Les actions opérationnelles de lutte contre la propagation du scolyte ont été compliquées pour les gestionnaires de forêts publiques comme privés qui souvent ne trouvaient pas d’exploitants disponibles ou d’acheteurs pour leurs faibles volumes de bois. Les arrêtés de lutte obligatoire s’en sont vus réduits en efficacité. En Belgique, l’exploitation a de plus été empêchée dans la zone de quarantaine pour la peste porcine.

De nouvelles technologies ont vu le jour mais leur déploiement est resté limité (télédétection des foyers par images satellites, applications de géolocalisation des foyers et de partage d’information, modèles prédictifs…).

Du point de vue de la transformation, les scieurs de grosses dimensions ou travaillant sur plusieurs essences de bois ont été moins impactés. Malgré l’absence d’impact du bleuissement sur les propriétés mécaniques du bois, les bois scolytés ont été plus difficilement valorisables.

En ce qui concerne la communication entre la filière et l’état, celle-ci a été perçue comme efficace en France et en Allemagne mais les acteurs relèvent des blocages liés à la lenteur des démarches administratives pour l’obtention des aides financières.

En Belgique, aucune aide financière liée à la crise scolyte n’avait été mise en place au moment de l’enquête, entraînant parfois des abandons d’exploitation et des difficultés à investir dans la reconstitution sans revenus de la vente.
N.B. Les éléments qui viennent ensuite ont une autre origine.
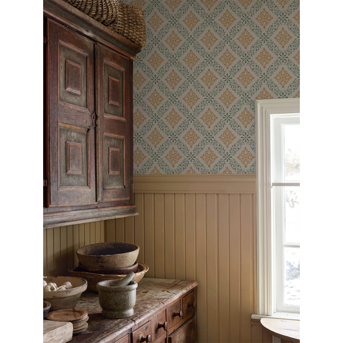 Papperstapet Duro. Dellen är inspirerad av den gamla konstformen schablonmåleri.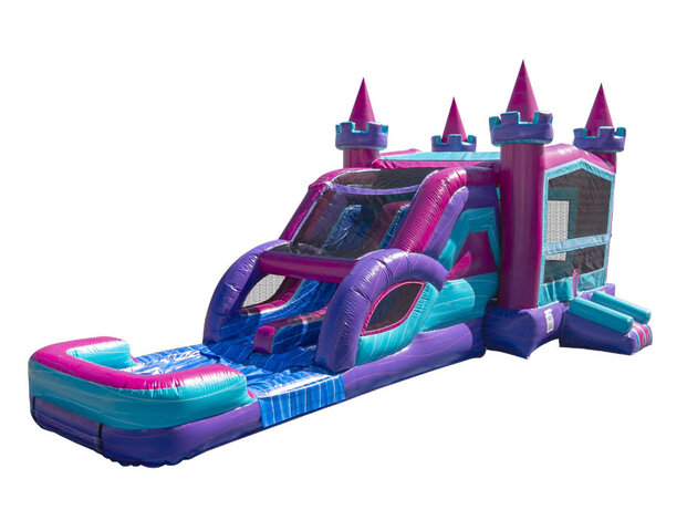 Pink Bounce House with Dual Lane Slide has a large bounce house with hoop (balls not inculded) and dual lane slide!

Les budgets alloués à la recherche ont cependant été augmentés.

L’enquête montre une prise de conscience des acteurs interrogés vis-à-vis des problématiques sanitaires, des impacts des changements climatiques, et de la nécessité de mener une réflexion sur le long terme. Elle relève également une inquiétude concernant l’équilibre sylvo-cynégétique qui risque de compromettre le renouvellement des peuplements.

Différentes visions et stratégies se marquent au sein de la filière avec un clivage entre l’amont et l’aval mais il y a un consensus clair sur le fait qu’il serait souhaitable d’augmenter les mélanges en essences et de favoriser la résilience des peuplements.

Sénécal S., Brice K., Sauban F. et al. (2020). La crise des scolytes (Ips typographus) ravageurs de l’Épicéa commun (Picea abies) vue de l’intérieur. Retours sur une enquête qualitative auprès d’acteurs du nord-est de la France et sa zone transfrontalière (Allemagne, Belgique) réalisée fin 2019-Début 2020. Revue forestière française, AgroParisTech, 72(5) : 425-441.